У великого писателя, вроде бы не обремененного какими либо
личными или политическими обязательствами перед нынешними
хозяевами страны, такого мужества не оказалось, а скорее всего —
это не входило в его стратегические расчеты. Поэтому удивляться
более чем прохладной реакции аудитории на явно задуманное как
историческое выступление именитого гостя не приходится.
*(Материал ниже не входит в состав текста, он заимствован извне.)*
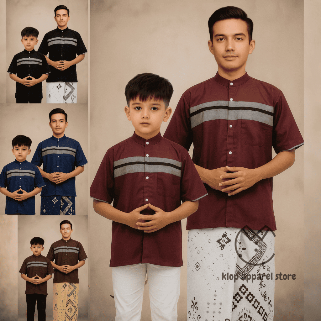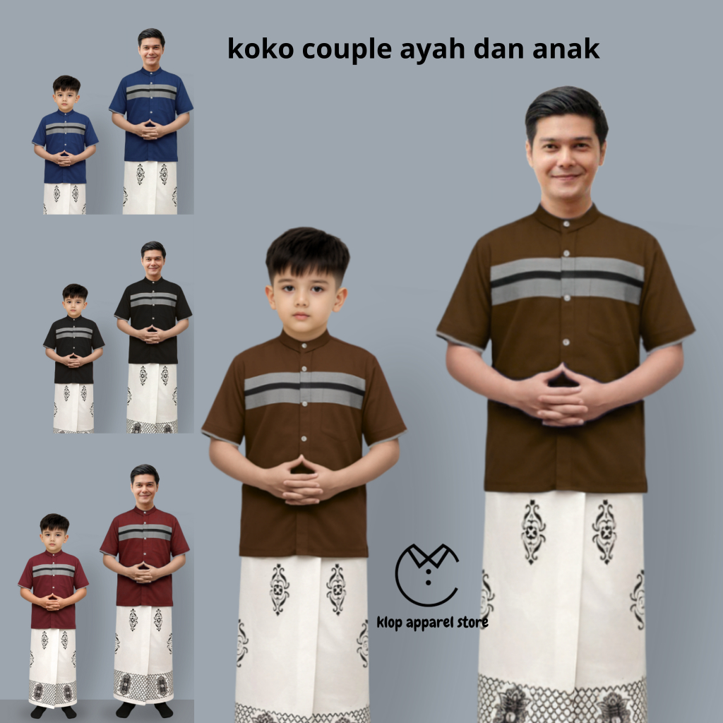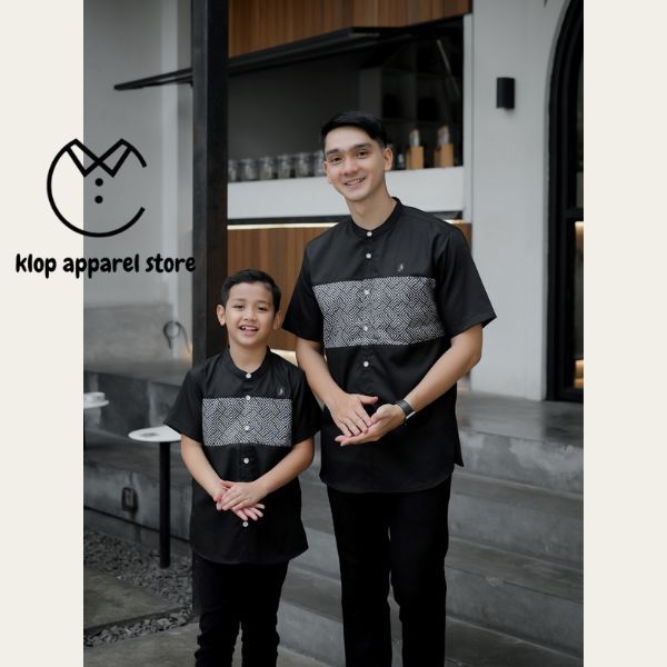 Baju Koko Couple Lengan Pendek Pria Ayah Dan Anak Kombinasi Terbaru Ukuran M L Xl Xxl, Warna Hitam

Так
называемые демократы из перекрасившихся «коммуняк» заранее не
могли принять его за то лишь, что он обвинил их в развале
страны, а левые, кстати сказать, по инициативе которых писателя
и пригласили на думскую трибуну, — за то, что гость откровенно
слукавил, отказавшись вслух назвать имя человека, возглавляющего
и направляющего этот развал. Восторженные отзывы об этом событии
появились только в русскоязычных средствах массовой информации
за рубежом, финансируемых американской администрацией.
Случайность это или нет, гадать не стану. Будущее покажет.

* * *

Литературная судьба Александра Солженицына развивалась у меня
на глазах. Я принадлежал к среде, которая окружала его и Андрея
Сахарова. Жил теми же интересами, разделял ту же самую
общественную позицию. Каждое слово писателя, устное и
письменное, каждый его шаг ила замысел обсуждался в этой среде
до мельчайших подробностей. В те поры меня буквально восхищала
поистине математическая выверенность каждого этого слова и шага.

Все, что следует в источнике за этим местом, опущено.